- [REQUIREMENT]:
Only the lines from the one containing "Width 4.0Cm Gucci" to the end of the material are to be copied, exactly and in full; images stay out.

- [EXERCISE DATA]:

=-=-=

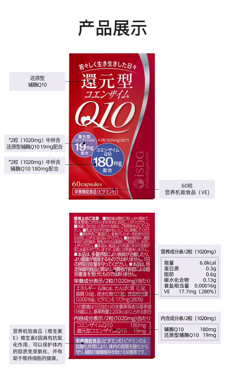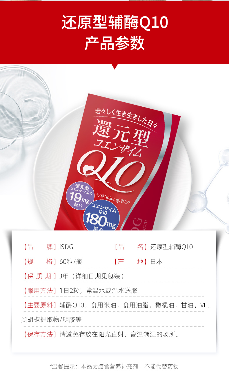 【品牌直营 尾货促销 89到手两瓶 保质期2026-03-14】iSDG医食同源 还原型辅酶Q10 60粒/盒 每天补充180mg辅酶Q10和19mg还原型辅酶Q10
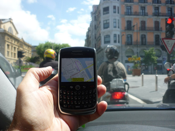 El coche no tiene navegador y utilizo el GPS de mi Blackberry, con Google Maps, que me lleva por calles de San Sebastián que desconozco. Doy varias vueltas a causa de las obras y, aunque he salido con tiempo, cada vez me acerco más a la hora límite. Se cumple la hora cuando estoy cerca del hotel, ya es la tercera vez que pregunto. Todos me dicen que está aquí al lado, pero estoy metido en una urbanización de la que no consigo salir. Finalmente llego a una rotonda buena y un motorista me indica perfectamente. Entro en el aparcamiento del hotel con tres minutos de retraso. Mal. Aun así, faltan siete minutos para la hora de cita con los músicos. El resto de conductores está tranquilo. Bien.
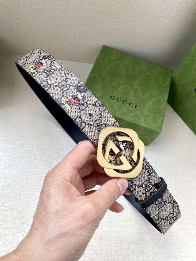 Width 4.0Cm Gucci Mickey Mouse pattern is one of Gucci's iconic elements, and it is reinterpreted in a cartoon style in this accessory. This belt combines classic Mickey elements and double G patterns, highlighting the brand's long-standing design heritage.
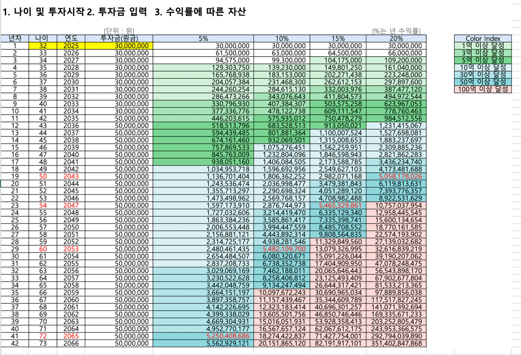 목표 금액 50.6억 (현재 나이 32세, 연저축액 3000만원에서 시작)

=-=-=

- [TASK ANSWER]:
 Width 4.0Cm Gucci Mickey Mouse pattern is one of Gucci's iconic elements, and it is reinterpreted in a cartoon style in this accessory. This belt combines classic Mickey elements and double G patterns, highlighting the brand's long-standing design heritage.
 목표 금액 50.6억 (현재 나이 32세, 연저축액 3000만원에서 시작)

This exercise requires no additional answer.